Leonie Swann (born 1975) is a pseudonymous German crime writer.

==Life==
Swann grew up near Munich, Germany. She studied philosophy, communications, and psychology at LMU Munich and the Munich School of Philosophy. She now resides near Cambridge, England.

== Career ==
Her first novel, Glennkill (published as Three Bags Full in English), sold over 100,000 copies in the first six months after publication. It has been translated to twenty-six languages.

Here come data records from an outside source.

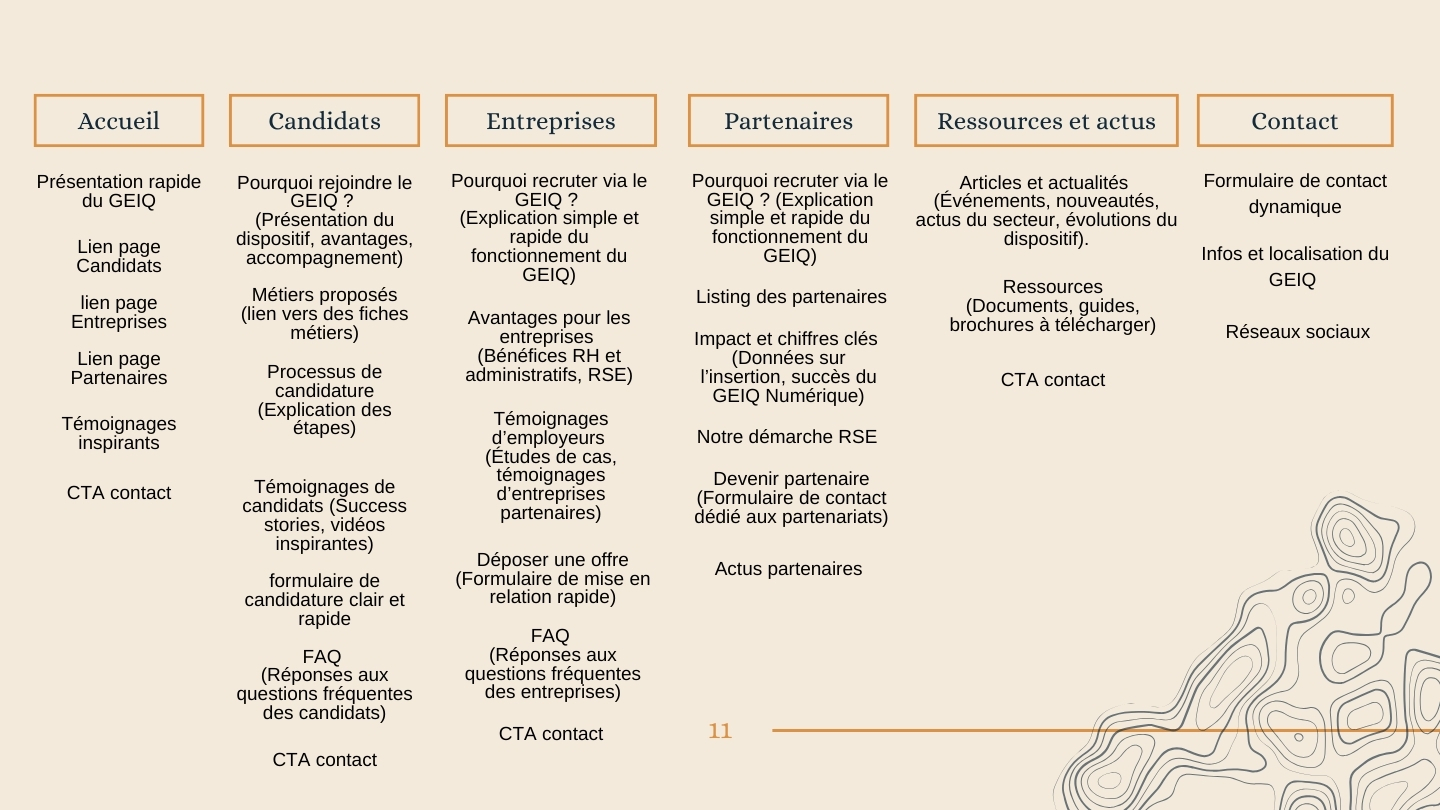Chaque parcours a été pensé pour répondre rapidement aux questions clés, rassurer, guider et inciter à l’action, tout en valorisant l’impact social du GEIQ.
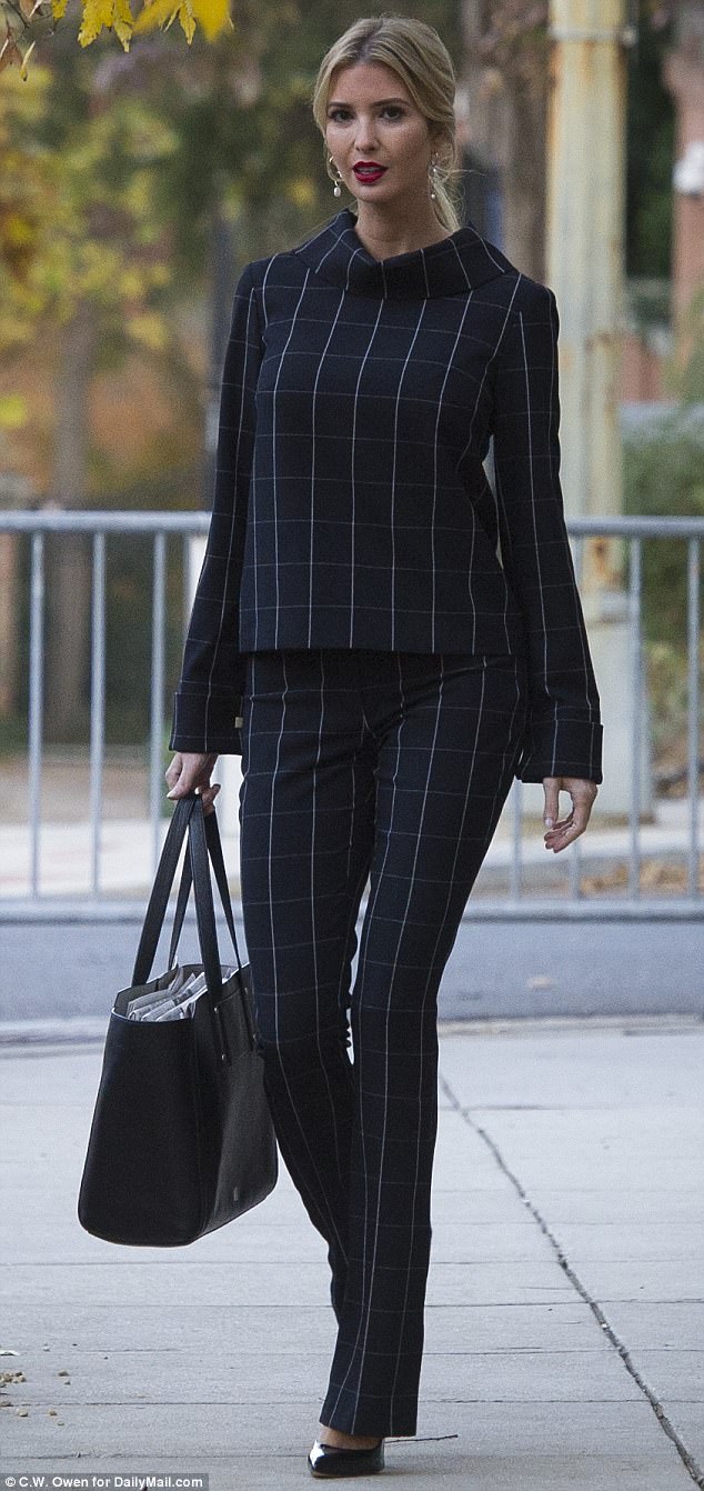 Ivanka dirigiéndose a la Casa Blanca a las 7:30 am hizo Jaque Mate con un Bonito coordinado negro con un patrón de tablero de ajedrez.
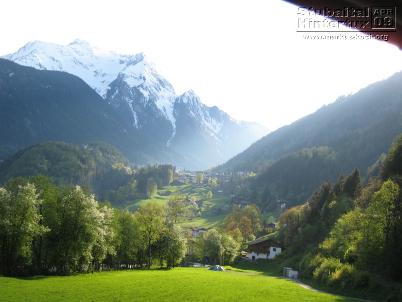 Nach diesem traumhaften Skitag machten wir uns auf den Weg ins „Tal weiter“, ans Ende vom Zillertal. Bei knapp über 20°C Außentemperatur fühlte man sich zwischen den grünen Weiden und Bäumen wie bei einem Sommerurlaub in den Alpen – nur mit dem Unterschied, dass wir Ski + Boards im Auto hatten *G*

After the success of her first novel, she paused studying for a PhD in English Literature in Berlin to write full-time.

Her second novel, Garou, a sequel to Glennkill, is not a detective novel but a thriller. The English translation of the novel, titled Big Bad Wool, was released in May 2025.

== Bibliography ==

- Three Bags Full: A Sheep Detective Story (Glennkill: Ein Schafskrimi). Goldmann, Transworld Publishers, Doubleday, Random House, 2005
- Big Bad Wool. Allison & Busby, 2025. (Garou. Ein Schaf-Thriller. Goldmann, 2010)
- Dunkelsprung: Vielleicht kein Märchen. Goldmann, 2014
- Gray. Goldmann, 2017
- The Sunset Years of Agnes Sharp (Mord in Sunset Hall). Goldmann, 2020. Soho Press, 2023.
- Miss Sharp macht Urlaub. Goldmann, 2022
- Agnes Sharp and the Trip of a Lifetime. Soho Press, 2024.
- Widdersehen: Ein Schafskrimi. DUMONT Buchverlag, 2026.

== Awards ==
- 2006 - German Friedrich Glauser crime writing prize, "debut" category.
- 2006 - The Glennkill Cover came first in the Bloody Cover 2006 Awards.
- 2007 - German Buchliebling for the CD.

== Works ==
- Three Bags Full, Doubleday 2006, ISBN 0-385-60994-9
- Garou. Ein Schaf-Thriller, Goldmann, Munich 2010, ISBN 978-3-442-31224-5. (Original German edition). Translated as Big Bad Wool by Amy Bojang (2025).
- Dunkelsprung: Vielleicht kein Märchen, Goldmann, Munich 2014, ISBN 3-442-31387-2. (Original German edition, English translation not yet available)
- Gray, Goldmann, Munich 2017, ISBN 978-3-442-31443-0. (Original German edition, English translation not yet available)
- Mord in Sunset Hall, Goldmann, Munich 2020, ISBN 978-3-442-31556-7. (Original German edition). Translated as The Sunset Years of Agnes Sharp by Amy Bojang (2023).

== Adaptations ==

The Sheep Detectives, Amazon MGM Studios 2026, is an adaptation of Three Bags Full.